Friday, May 4, 2012

Dances With Death

The time now is 11.30pm, 3 May. A good friend called me up earlier at about 10pm and talk to me about his enlarged prostrate. He is almost 60 years old and his PSA reading was 5. He said about 3 years ago, it went up to 7 and then has come down and been quite stable. His doctor wanted to do a biopsy and he called me to asked me about the impact of the biopsy. I gave him my opinion. He was not too keen on the procedure. If I were him, I would also feel the same. I suggested that he get another opinion before making the biopsy procedure decision. I thought it was nothing and told him not to worry so much. After he put down the phone, a sense of uneasiness hangs over me. I then spent the rest of the night looking up more on enlarged prostrate and the relationship between the PSA results and prostrate cancer. That news has affected me. I am really worried that any of my friends or for that matter anybody who gets cancer. I know I will take it badly should any one of them gets cancer. I could not sleep and I need to find some comfort.
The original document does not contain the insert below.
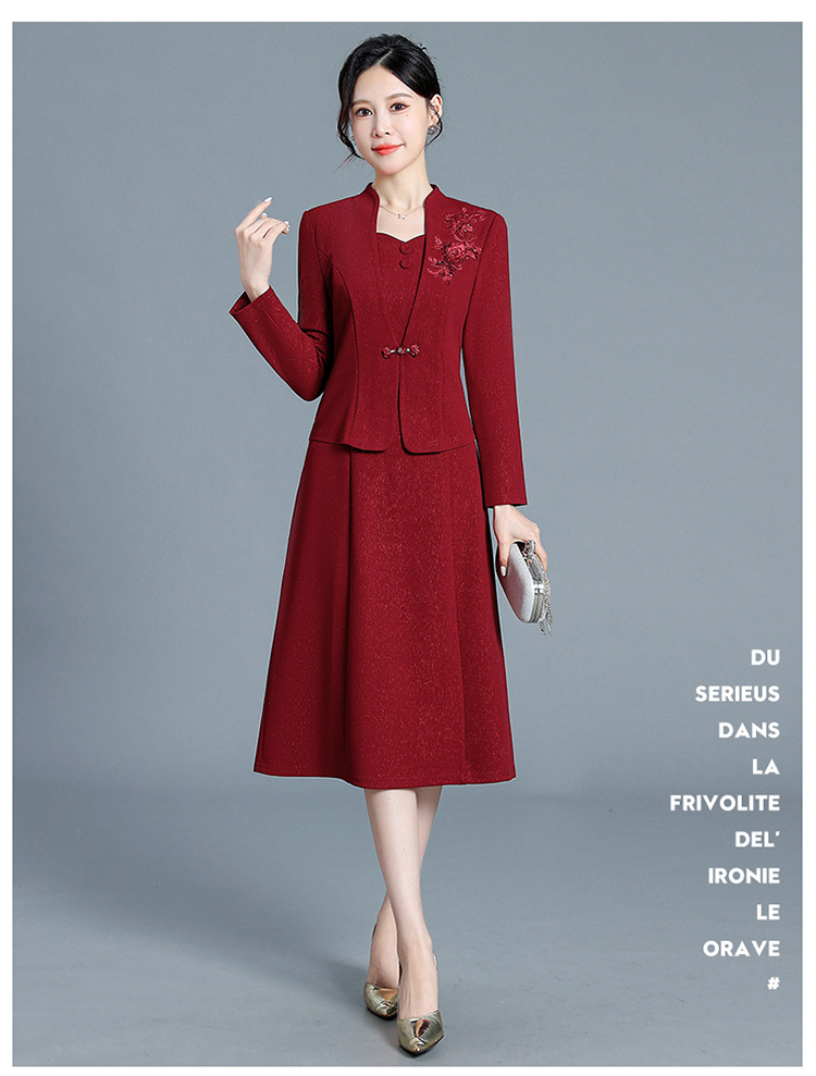 QYM H3371-Y连衣裙假两件裙妈妈装中长款礼服裙 商品图1

The night was warm and my mother has just powered on the air-conditioner in the hall and also having the fan at full blast. The air-conditioner is just behind me and I could feel the cold air eating into my bones as I was writing this post. I was also having a backache after sitting for too long. I popped in a pain killer, my good friend whom I can trust in the hour of need. What would I do without you? Somehow, I think my mother must have sense something was wrong with me after I was seen wearing another long sleeve shirt over my tee. She turned off the air-conditioner and went to sleep. But that did not give me comfort. Just then, I was also listening to some music on my headphone and the Song from a Secret Garden by Secret Garden was also playing. This song can make me cry, yes for even a used to be Rambo like me. Somehow the timing was right and maybe I needed a cry badly. That's why the phone call from my friend and also the timing of the song. I was looking for comfort and now I have it.

I found myself turning into someone I don't quite know. I have been listening to some very inspirational lectures by Drs Wayne Dyer and Ron Scolastico. I think when you have cancer, you tend to have more time to think about life and death. As Buddhist, we contemplate about death and I have also read many articles and books about death including The Tibetan Book of Living and Dying and Osho's views on Death. Death does not seems scary anymore and I seems to be welcoming or looking forward to death. Don't get me wrong, I am grateful for each new day it brings but at the same time, I tell myself even today is my last day on earth, I would embrace death. I no longer want to die in my sleep. I want to be awake and experience death.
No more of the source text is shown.